[PYTHON] "Deep Learning from scratch" self-study memo (No. 15) TensorFlow beginner tutorial

While reading "Deep Learning from scratch" (written by Yasuki Saito, published by O'Reilly Japan), I will make a note of the sites I referred to. Part 14 ← → Part 16

Since Google Colab can be used normally, I will try the contents of this book with TensorFlow.

TensorFlow beginner tutorial

TensorFlow site https://www.tensorflow.org/?hl=ja tutorial for beginners "First Neural Network" I moved it as it was.

Really, if you copy and paste it into Colab, it will work, so you don't have to make any notes.

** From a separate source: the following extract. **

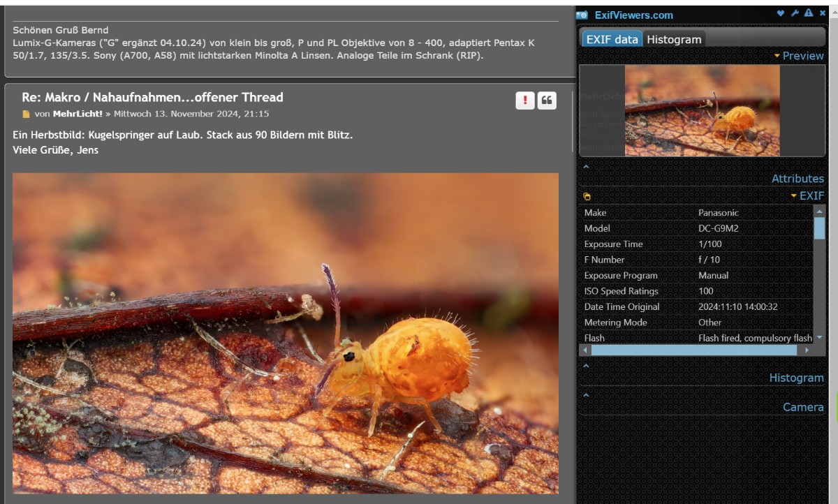 Mit Blitz macht die G9m2 focus bracketing mit max 4.6 Bilder/s - mehr habe ich nicht geschafft (siehe Blitz-thread im G-Unterforum). Der Godox V860iii schafft diese Rate dann mit bis zu 1/8 Leistung ohne zu stottern (wichtig, da beim Blitz-Nachladen Helicon über große Helligkeitsschwanungen meckert), die Leistung reicht dann für ISO100 bei f/10 mit dem ABM von 3:1 (EXIF ist im Bild).
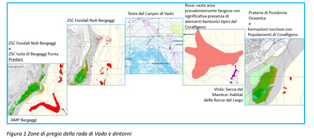 "In merito ai fondali della zona costiera ligure si sono svolte indagini a più riprese, portando gli esperti ad esempio a dire: 'Vi sono certamente delle differenze sito-specifiche, con un massimo di taxa di invertebrati cospicui (62) rilevati nel sito di Vado Ligure ed un minimo (11) rilevato per il sito di Nervi' [relazione marine strategy 2015 Arpal-Unige]. Le evidenze dei successivi sopralluoghi sono riportate nel documento di riferimento [nuovo atlante degli habitat marini della Liguria 2020 Regione Liguria] che annota la presenza di zone di pregio come Posidonia e Coralligeno. La vicina testa del canyon di Vado che poi si allunga a grande profondità costituisce un elemento di accelerazione, grazie alle correnti verticali'".

However, there is no explanation about the contents because it is for confirming that it works. The necessary explanations seem to be scattered around the site, but beginners are likely to get lost after doing the tutorial, not knowing what they have done now or what to do next.

Or say,

Perhaps this site isn't for beginners at all, but for someone who has some knowledge of python and neural networks to get TensorFlow to work with Google Colab. Actually, I can't find any explanation about the neural network itself.

In that respect, I think it is necessary to have a book that accumulates explanations in order, such as "Deep Learning from scratch."

We'll compare the scripts we ran in this tutorial with the content of "Deep Learning from scratch" to see what keras and TensorFlow are doing.

Model building

model = keras.Sequential([
    keras.layers.Flatten(input_shape=(28, 28)),
    keras.layers.Dense(128, activation='relu'),
    keras.layers.Dense(10, activation='softmax')
])

Here, we are building sequential model of keras.

type(model)

tensorflow.python.keras.engine.sequential.Sequential

model.summary()

Model: "sequential" Layer (type) 　　　　　 Output Shape 　　　　　 Param #

flatten (Flatten)　　　　　 (None, 784) 　　　　　 0
dense (Dense) 　　　　　 (None, 128) 　　　　　100480
dense_1 (Dense) 　　　　　(None, 10) 　　　　　1290

Total params: 101,770 Trainable params: 101,770 Non-trainable params: 0

The output (, 784) from the input layer is In the next dense layer, the weight of (784, 128) and the dot product are added, and (, 128) is output. It is dot producted with the weight of (128, 10) in the next dense-1 layer, and (, 10) is output.

model.layers

[tensorflow.python.keras.layers.core.Flatten at 0x7faf1e9efac8, tensorflow.python.keras.layers.core.Dense at 0x7faeea73b438, tensorflow.python.keras.layers.core.Dense at 0x7faeea73b710]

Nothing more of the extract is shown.